Luxemburg was born in Russian-controlled Poland in 1871. She began her revolutionary activities by the age of sixteen and, in 1889, she was requested to leave Poland because of her political affiliations. She moved to Switzerland to finish her studies at the University of Zurich.

Luxemburg became a journalist in 1894 and, by that time, she was already considered one of the leaders of the Social Democratic Party in Poland and Lithuania. She was a supporter of revolution and a defender of Marxist theories.

In 1899, she published Reform or Revolution, a critique of Edward Bernstein's Evolutionary Socialism. While Bernstein tried to disprove the idea of class struggle, Luxemburg embraced the cause and, like Marx, she called for a revolution.

She became a German citizen in 1898 through marriage, and became a leader of the German Social Democratic Party (SPD). Luxemburg's very left-wing views were not always approved of by the SPD.

In 1905, Luxemburg helped support the Russian Revolution and became even more radical in her views of Socialism. In 1912, she published The Accumulation of Capital, in which she predicted the inevitable failure of a capitalist society. Her views conflicted so much with the Social Democratic Party that, in 1916, Luxemburg started the Spartacus League with Karl Liebknecht. The party was converted into the German Communist Party in 1918.

In 1919, Luxemburg joined in the uprising against the government in Berlin. She and Liebknecht were arrested on January 15, 1919, for their revolutionary activities. While being transported to prison, Luxemburg was murdered by the German Freikorps and thrown into a ditch.

Luxemburg was honored after her death not only by the large attendance at her public funeral, but also by the publication of a collection of her articles and essays. Her works, however, were not well-received by the Communist Party because of her dismissal of national unity and her promotion of reformation and revolution.
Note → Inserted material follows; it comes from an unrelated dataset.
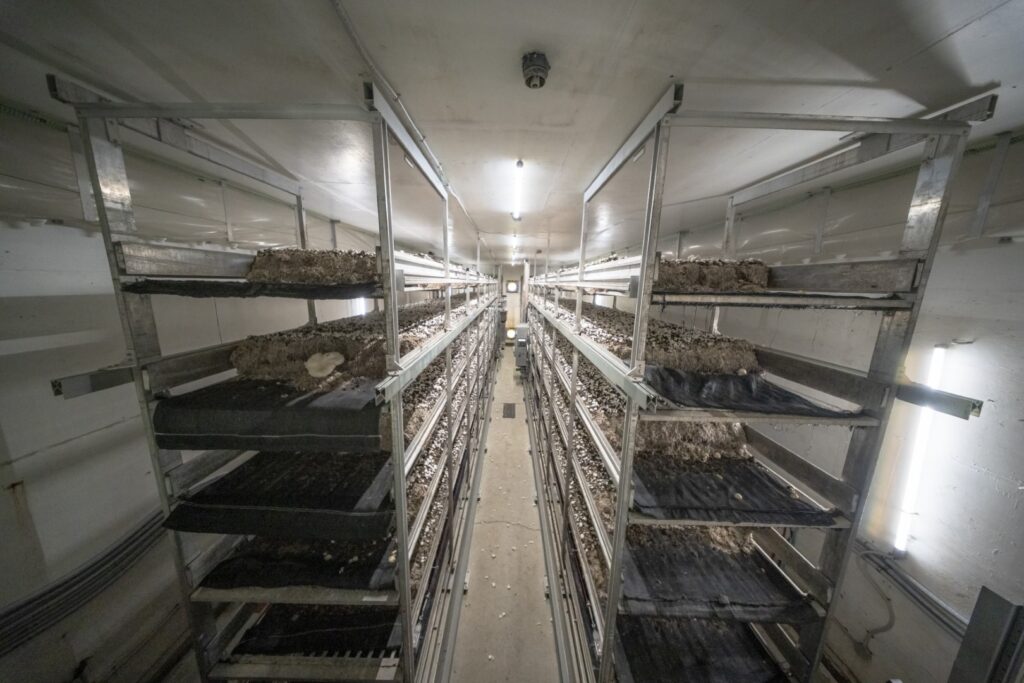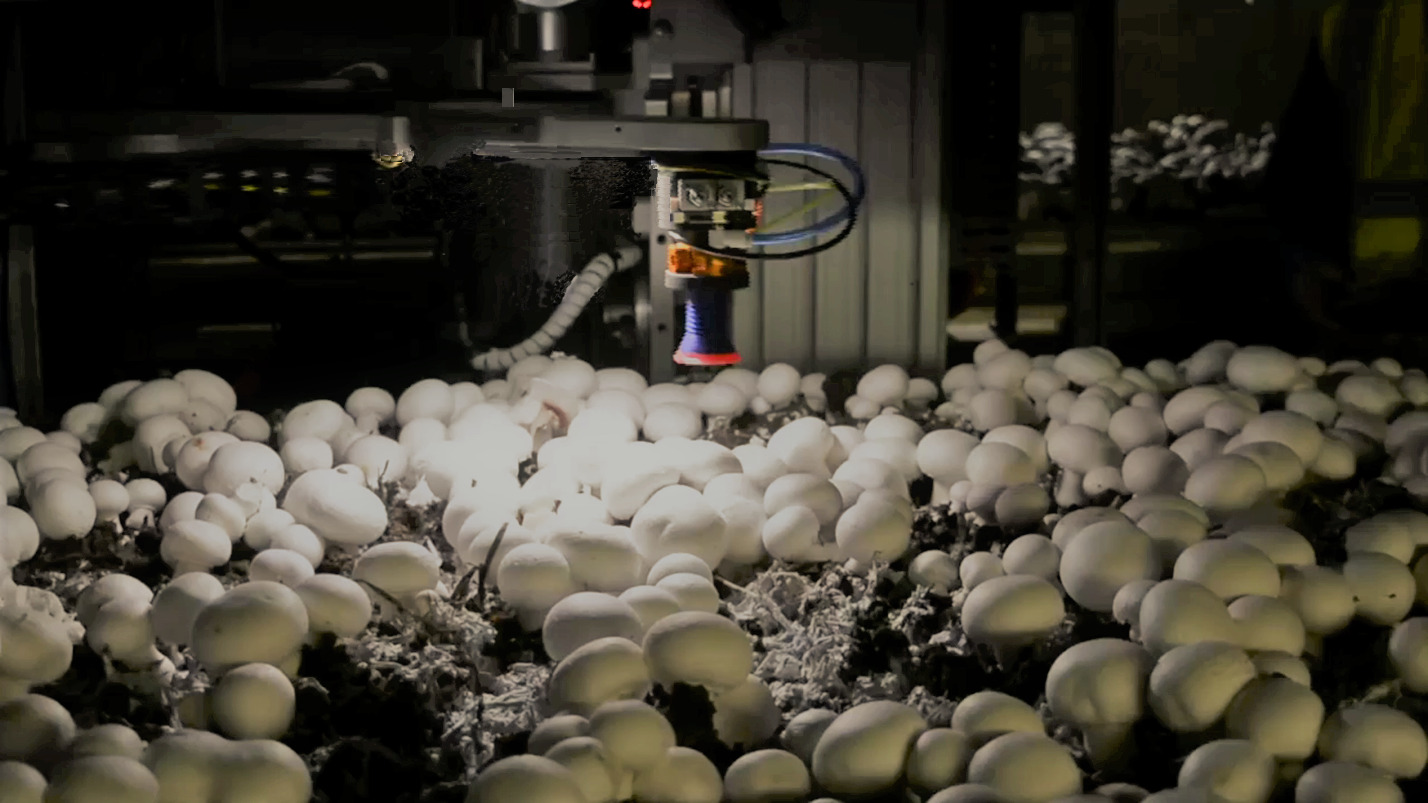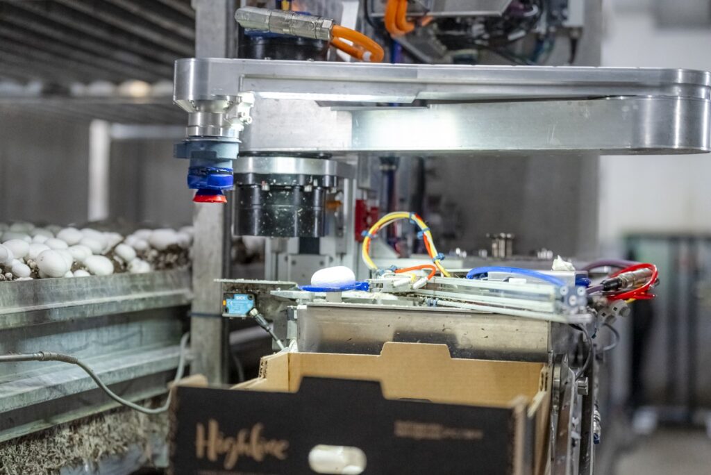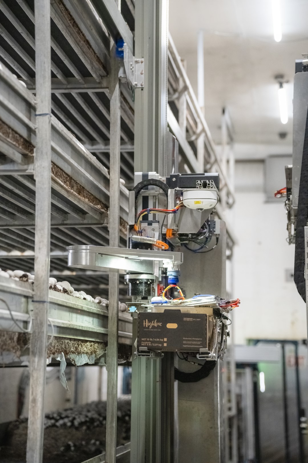 The robots thinned, trimmed, packed and brought mushrooms to the front of each room.

Luxemburg's publication was not widely read until the 1970s, fifty years after her death.

Today, Rosa Luxemburg is remembered as a supporter of women's liberation. She is not identified with Socialism or Communism, but her views are seen as a substitute ideology. She rose against the corrupt governments in Germany and Russia, and she is remembered today for her unconventional and persuasive ideas, as well as her courage in the face of the German right wing parties.